* Data:
::::
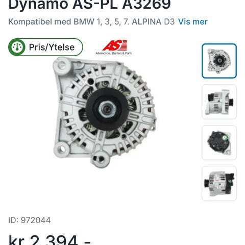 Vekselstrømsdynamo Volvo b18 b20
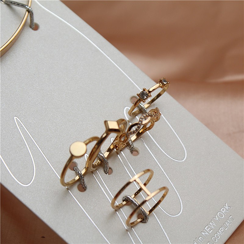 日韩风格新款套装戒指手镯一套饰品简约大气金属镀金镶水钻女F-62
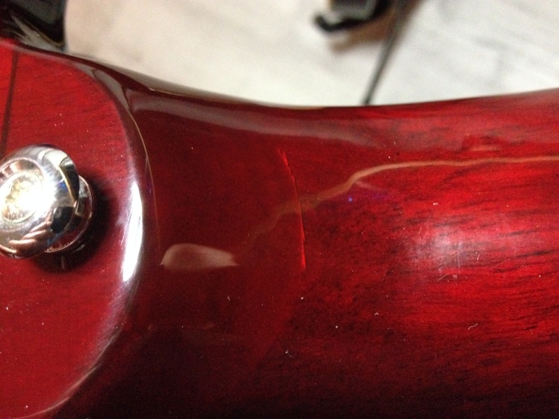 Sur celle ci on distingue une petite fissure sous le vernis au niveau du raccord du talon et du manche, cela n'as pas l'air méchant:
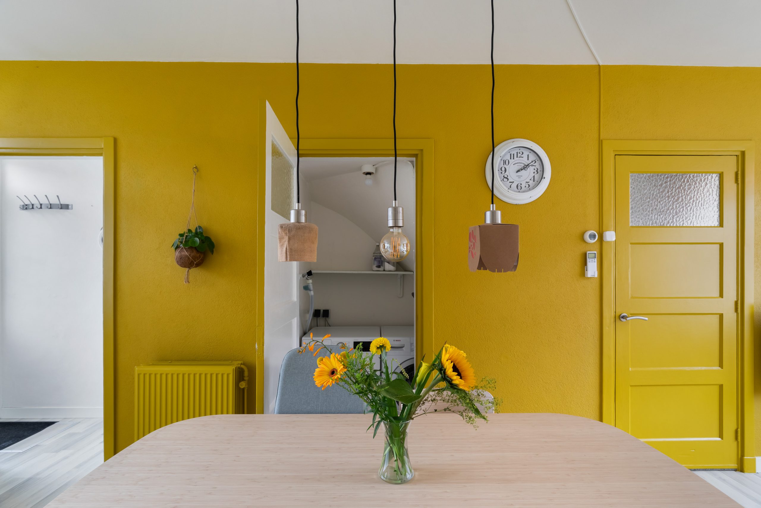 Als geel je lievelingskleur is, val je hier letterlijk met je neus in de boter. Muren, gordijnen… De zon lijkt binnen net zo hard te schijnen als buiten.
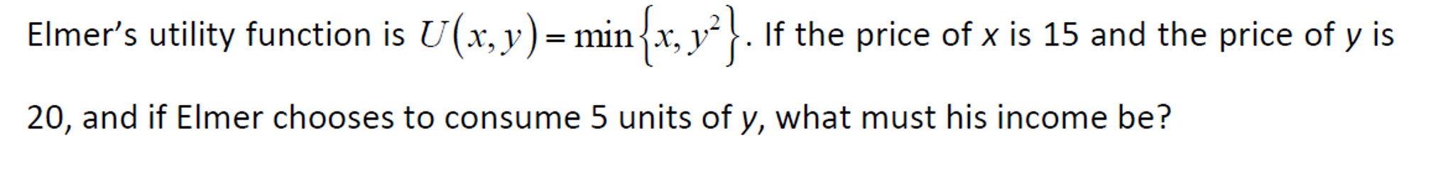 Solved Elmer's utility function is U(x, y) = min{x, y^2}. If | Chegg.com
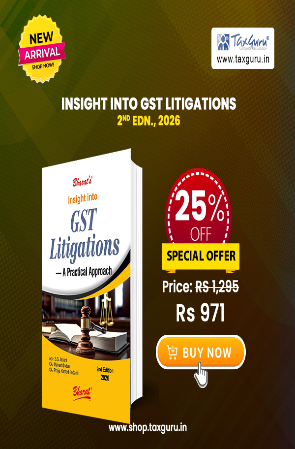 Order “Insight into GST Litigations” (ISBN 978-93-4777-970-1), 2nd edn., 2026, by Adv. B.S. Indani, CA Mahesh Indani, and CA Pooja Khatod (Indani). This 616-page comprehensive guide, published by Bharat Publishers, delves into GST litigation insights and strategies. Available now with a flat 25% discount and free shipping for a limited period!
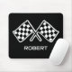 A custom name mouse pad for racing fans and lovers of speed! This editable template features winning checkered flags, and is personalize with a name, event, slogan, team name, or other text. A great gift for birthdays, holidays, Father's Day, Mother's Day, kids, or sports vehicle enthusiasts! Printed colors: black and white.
::::
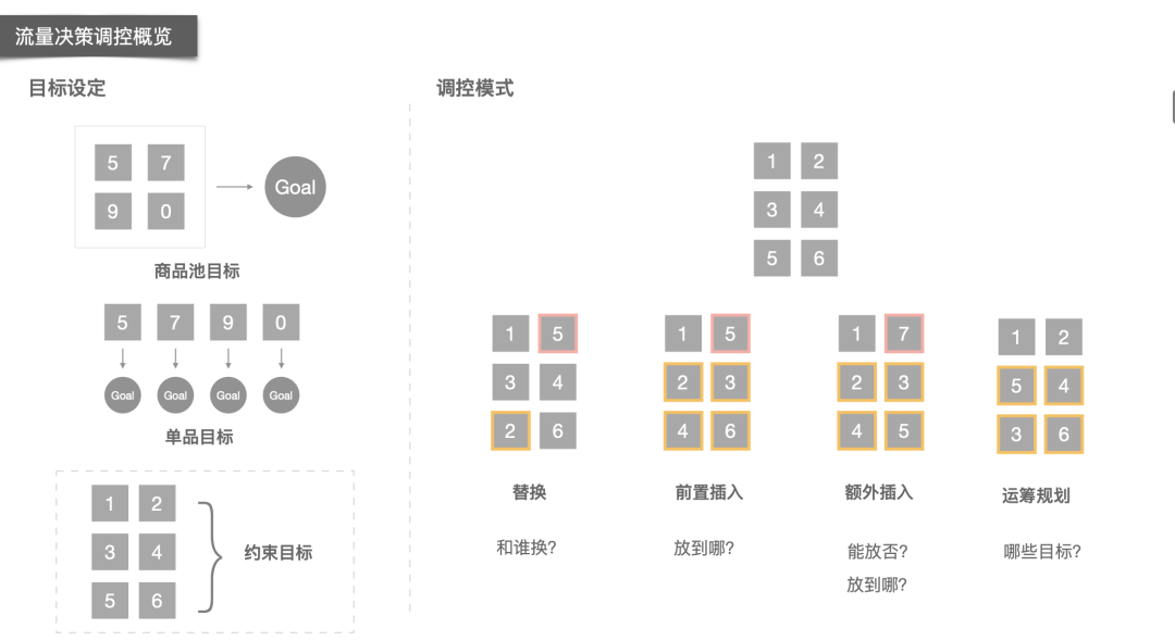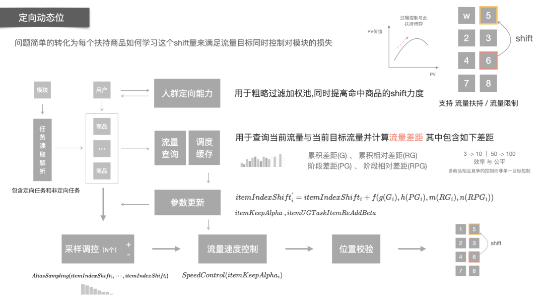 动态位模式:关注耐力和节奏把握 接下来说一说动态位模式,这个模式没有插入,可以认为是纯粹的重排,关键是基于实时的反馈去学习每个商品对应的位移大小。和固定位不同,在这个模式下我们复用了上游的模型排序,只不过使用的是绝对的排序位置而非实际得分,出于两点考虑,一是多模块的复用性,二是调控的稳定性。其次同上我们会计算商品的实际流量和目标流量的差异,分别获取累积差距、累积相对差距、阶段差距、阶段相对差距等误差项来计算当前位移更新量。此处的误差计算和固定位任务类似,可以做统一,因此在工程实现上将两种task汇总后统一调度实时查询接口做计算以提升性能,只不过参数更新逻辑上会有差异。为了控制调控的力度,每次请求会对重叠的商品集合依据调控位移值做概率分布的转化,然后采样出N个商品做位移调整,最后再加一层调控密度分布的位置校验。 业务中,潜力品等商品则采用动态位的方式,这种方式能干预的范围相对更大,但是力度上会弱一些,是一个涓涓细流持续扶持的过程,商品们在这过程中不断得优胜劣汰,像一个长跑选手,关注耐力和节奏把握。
::::
* Exercise details:
Copy exactly the lines of the listing above between the one holding "Vekselstrømsdynamo Volvo b18 b20" and the one holding "A custom name", inclusive; omit all pictures.

* Your solution:
 Vekselstrømsdynamo Volvo b18 b20
 日韩风格新款套装戒指手镯一套饰品简约大气金属镀金镶水钻女F-62
 Sur celle ci on distingue une petite fissure sous le vernis au niveau du raccord du talon et du manche, cela n'as pas l'air méchant:
 Als geel je lievelingskleur is, val je hier letterlijk met je neus in de boter. Muren, gordijnen… De zon lijkt binnen net zo hard te schijnen als buiten.
 Solved Elmer's utility function is U(x, y) = min{x, y^2}. If | Chegg.com
 Order “Insight into GST Litigations” (ISBN 978-93-4777-970-1), 2nd edn., 2026, by Adv. B.S. Indani, CA Mahesh Indani, and CA Pooja Khatod (Indani). This 616-page comprehensive guide, published by Bharat Publishers, delves into GST litigation insights and strategies. Available now with a flat 25% discount and free shipping for a limited period!
 A custom name mouse pad for racing fans and lovers of speed! This editable template features winning checkered flags, and is personalize with a name, event, slogan, team name, or other text. A great gift for birthdays, holidays, Father's Day, Mother's Day, kids, or sports vehicle enthusiasts! Printed colors: black and white.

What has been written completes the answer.